Submitted to: International Auchenorrhyncha Congress
Publication Type: Proceedings
Publication Acceptance Date: 6/15/2005
Publication Date: 8/7/2005
Citation: Ranger, C.M., Backus, E.A. 2005. Cell-rupture feeding by empoasca spp.: how it causes hopperburn and plants defend against it. Proceedings of the 12th. International Auchenorrhyncha Congress. p.S-5-6.

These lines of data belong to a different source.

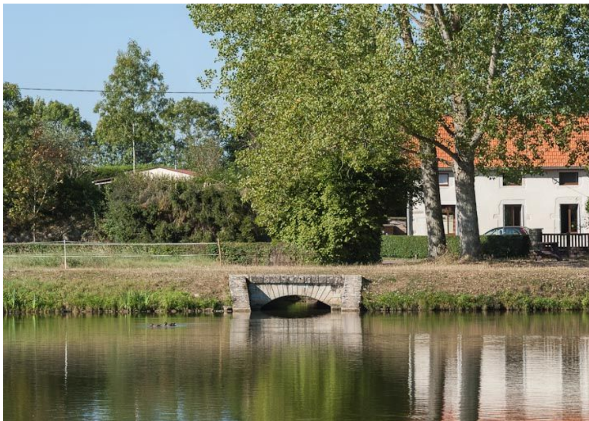
Vue de l'arrivée de la rigole de Chazilly.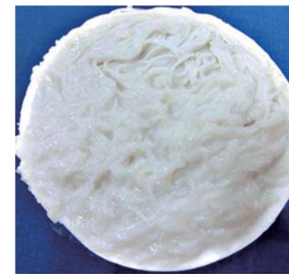
図 1 液状化した発酵型米麺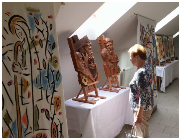
Výstava profesionálnych výtvarníkov z Nemšovej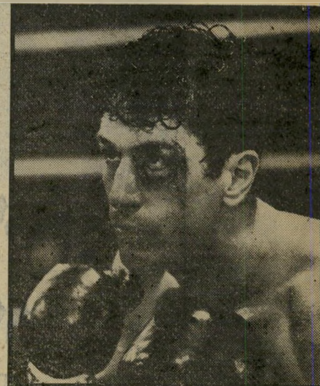
רוברט דה-נירו ב"שור הזועם" מתגרף הייתי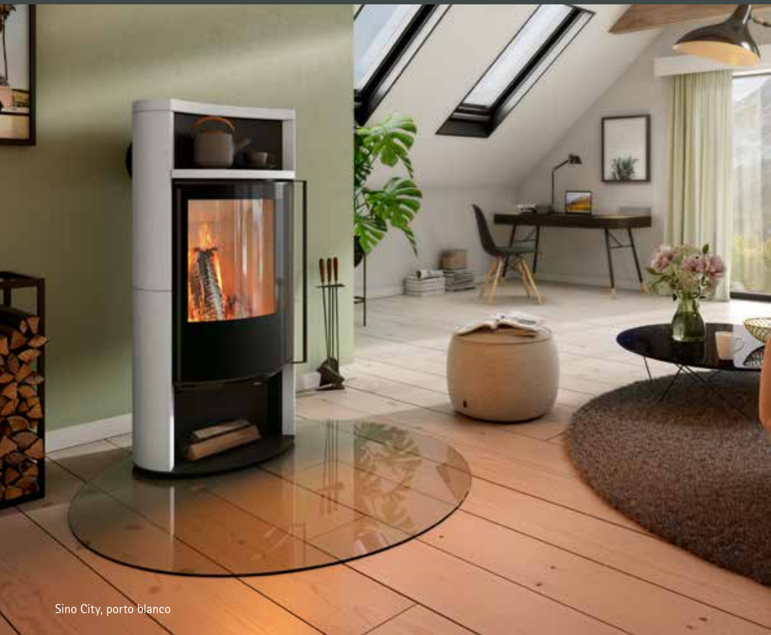
Sino City, porto blanco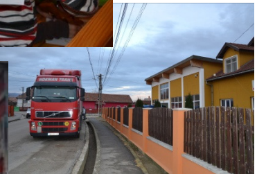
Ein Transport kommt von ORA Österreich mit Lebensmitteln, Hilfsgütern und ... Weihnachtspäckchen!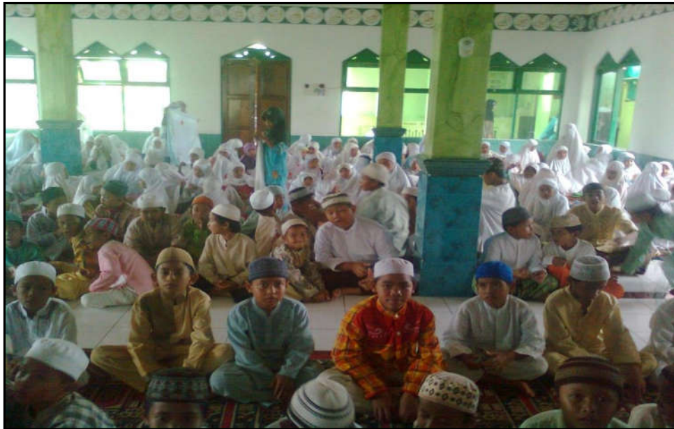
Foto Santri Sebelum melakukan Sholat Ashar Berjamaah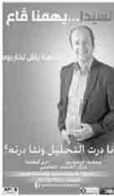
المتان معشر العلاج تارتد في المدينة.

والتسي وعبد المجلس الشعبي الولائي لوههران بأن يتم نشرها في المدينة، كما تلقت الجمعية وعدا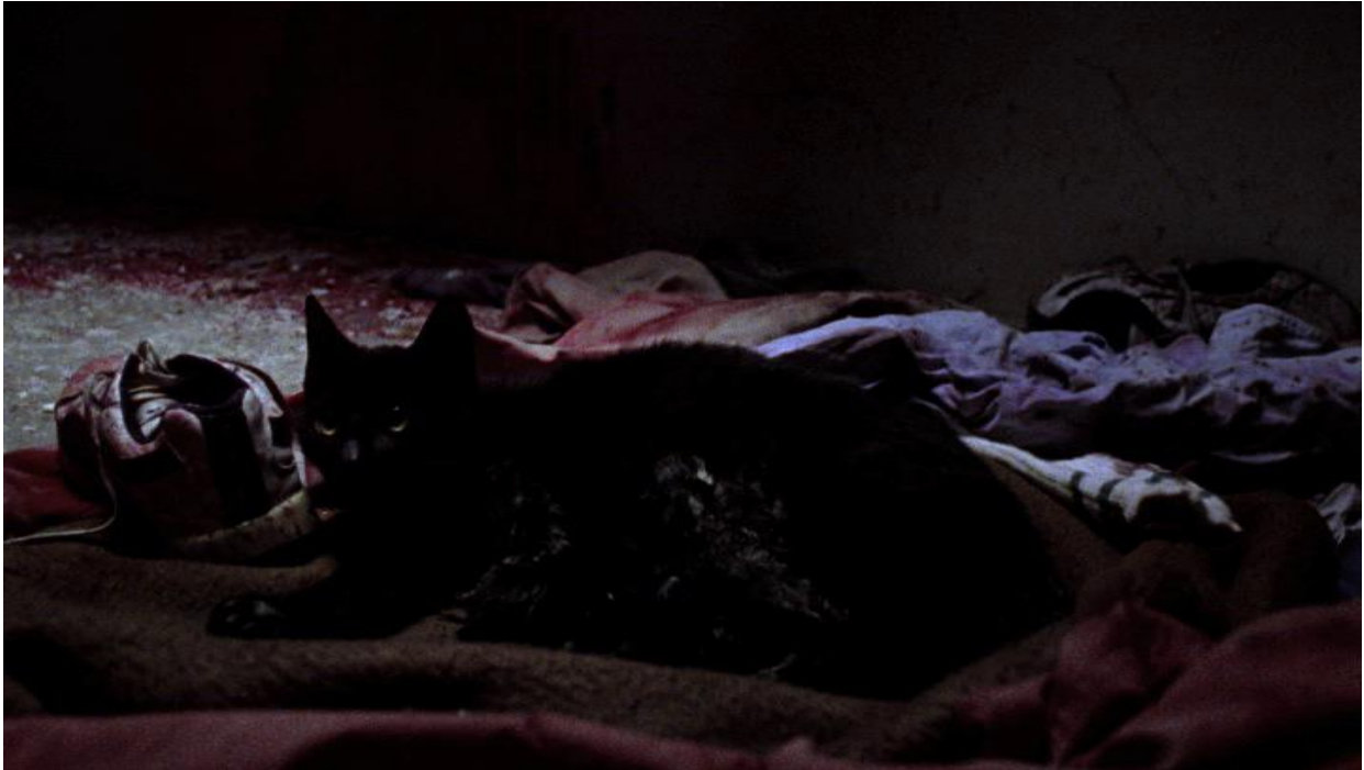
Slika 1: Prikaz poroda crne mačke u filmu Crnci

nam odmah poručuju da se radi o mračnom filmu, bez previše uljepšavanja i poruka nade. Crnci su hladan i odmjeren žanrovski prikaz zločina počinjenog u Domovinskom ratu.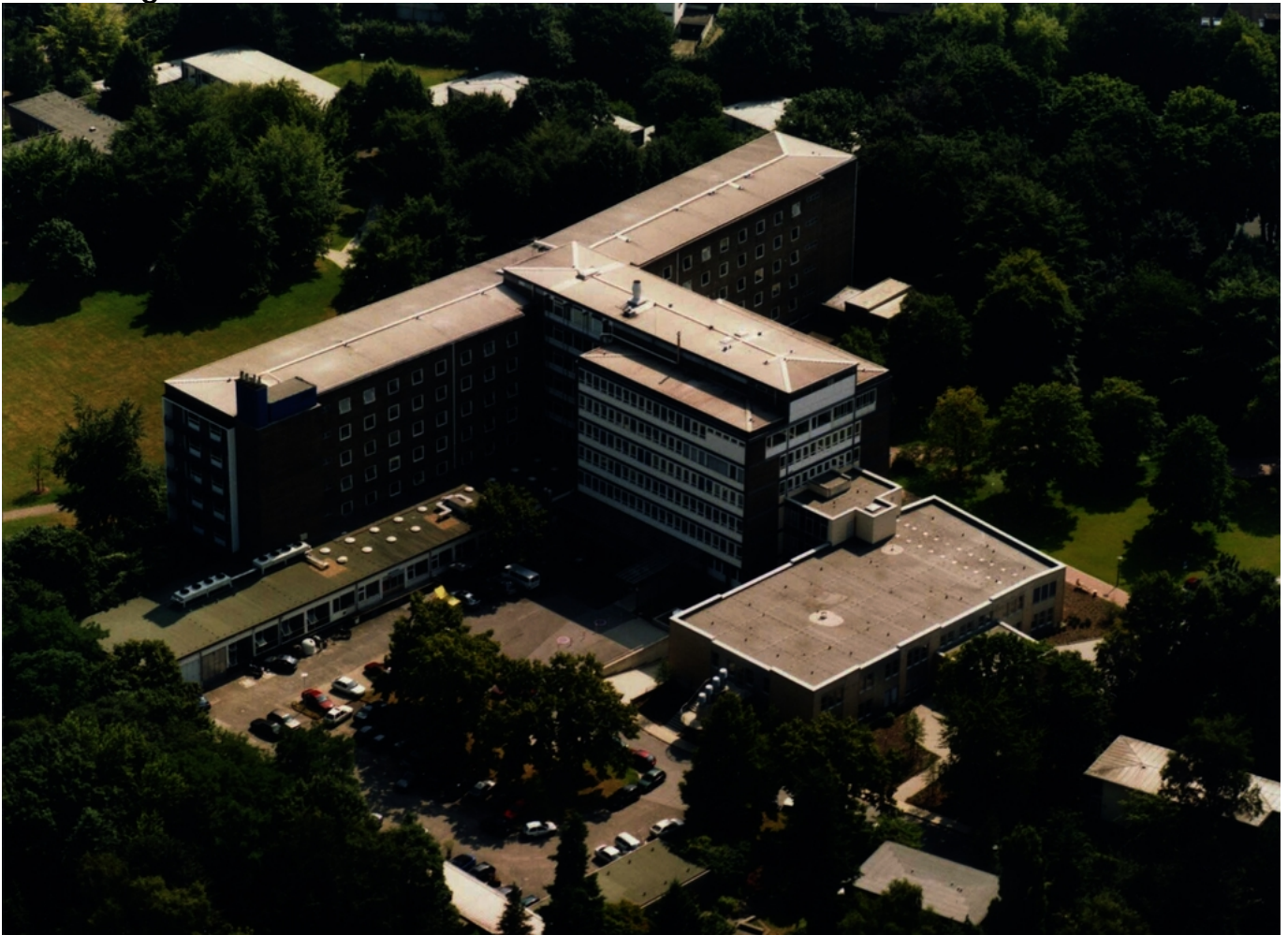
Abbildung: Sana Krankenhaus Benrath

Für die Erstellung des Qualitätsberichts verantwortliche Person: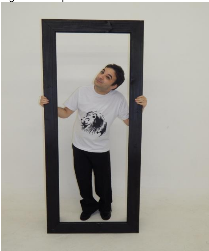
Figura 40 - Espelho Surdo

Interpretive Summary: Hopperburn is a noninfectious plant disease attributed to the direct feeding damage caused by Empoasca spp. leafhoppers (Cicadellidae: Typhlocybinae). The work described in this proceedings paper shows exactly which feeding strategies and tactics cause hopperburn symptoms, and how certain plants can deter those types of feeding. Some host plants stimulate the insects to switch their feeding tactic to a less-damaging one. Others deter feeding via glandular trichomes which secrete nonvolatile fatty acides that act as behavioral deterrents. Knowledge of how feeding causes damage has allowed crop breeding companies to select plants for their ability to prevent feeding, ultimately leading to resistant crop varieties.

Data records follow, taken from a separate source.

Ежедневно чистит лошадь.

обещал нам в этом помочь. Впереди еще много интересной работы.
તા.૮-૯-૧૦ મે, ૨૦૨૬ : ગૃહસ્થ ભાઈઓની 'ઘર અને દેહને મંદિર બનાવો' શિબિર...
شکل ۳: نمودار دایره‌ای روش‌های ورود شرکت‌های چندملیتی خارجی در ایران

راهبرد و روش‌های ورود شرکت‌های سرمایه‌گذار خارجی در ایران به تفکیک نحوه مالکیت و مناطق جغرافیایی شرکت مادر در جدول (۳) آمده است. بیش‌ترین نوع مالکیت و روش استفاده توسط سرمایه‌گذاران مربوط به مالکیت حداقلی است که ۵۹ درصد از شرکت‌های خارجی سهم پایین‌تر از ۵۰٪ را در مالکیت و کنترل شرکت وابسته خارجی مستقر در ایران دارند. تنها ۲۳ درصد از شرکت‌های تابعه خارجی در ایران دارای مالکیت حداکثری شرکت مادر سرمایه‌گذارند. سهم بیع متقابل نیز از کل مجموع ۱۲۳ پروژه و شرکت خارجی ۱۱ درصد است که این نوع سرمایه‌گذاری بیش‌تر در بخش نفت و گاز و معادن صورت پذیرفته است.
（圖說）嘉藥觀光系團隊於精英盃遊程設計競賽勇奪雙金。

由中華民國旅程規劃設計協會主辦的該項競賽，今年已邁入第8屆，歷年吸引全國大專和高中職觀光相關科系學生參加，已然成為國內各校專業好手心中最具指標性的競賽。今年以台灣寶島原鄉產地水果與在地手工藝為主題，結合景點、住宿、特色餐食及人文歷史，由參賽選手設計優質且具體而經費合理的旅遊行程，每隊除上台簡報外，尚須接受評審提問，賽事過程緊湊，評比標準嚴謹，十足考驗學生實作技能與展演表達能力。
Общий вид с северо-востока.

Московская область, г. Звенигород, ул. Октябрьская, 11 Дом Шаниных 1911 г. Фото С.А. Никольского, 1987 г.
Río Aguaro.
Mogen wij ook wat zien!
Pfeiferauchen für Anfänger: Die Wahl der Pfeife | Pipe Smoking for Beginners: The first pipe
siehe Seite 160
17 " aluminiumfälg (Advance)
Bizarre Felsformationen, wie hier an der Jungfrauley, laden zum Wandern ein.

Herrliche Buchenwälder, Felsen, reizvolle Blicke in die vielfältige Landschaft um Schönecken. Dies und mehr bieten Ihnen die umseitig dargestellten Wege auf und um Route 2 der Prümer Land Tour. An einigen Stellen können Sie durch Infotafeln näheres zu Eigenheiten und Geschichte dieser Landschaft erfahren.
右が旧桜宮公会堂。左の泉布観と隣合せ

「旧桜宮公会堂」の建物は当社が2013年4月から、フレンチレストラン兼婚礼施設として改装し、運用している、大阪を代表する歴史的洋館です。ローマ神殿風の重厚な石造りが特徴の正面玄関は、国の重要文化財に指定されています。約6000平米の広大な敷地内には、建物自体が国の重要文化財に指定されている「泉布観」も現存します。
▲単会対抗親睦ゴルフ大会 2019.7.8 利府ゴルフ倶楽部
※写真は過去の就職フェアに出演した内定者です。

Technical Abstract: Hopperburn is a noninfectious plant disease attributed to the direct feeding damage caused by Empoasca spp. leafhoppers (Cicadellidae: Typhlocybinae). Cell rupturing is the characteristic feeding strategy employed by all Empoasca spp. (Backus et al. 2005). Electrical penetration graph monitoring determined three different stylet penetration tactics comprise the cell rupturing strategy, namely, lacerate-and-sip, lacerate-and-flush, and lance-and-ingest. While all Empoasca spp. possess the same repertoire, variations of the tactics and the tissues in which they are performed influence whether or not the hopperburn cascade will be initiated. Empoasca salivary components amplify the severity of the wound response first initiated by mechanical damage. Thus, initiation of the cascade of plant physiological events that cause hopperburn is termed a saliva-enhanced wound response. The combination of mechanical damage and salivary stimuli results in localized necrosis within probed regions, enlargement and proliferation of phloem parenchyma and vascular cambial cells. Vascular bundles become disorganized, collapsed, and constricted, resulting in an accumulation of photoassimilates in the leaves. Plants can successfully defend themselves against hopperburn by altering the repertoire of Empoasca feeding tactics. Elevated healing/ compensatory responses to mechanical and salivary factors can also minimize hopperburn symptoms.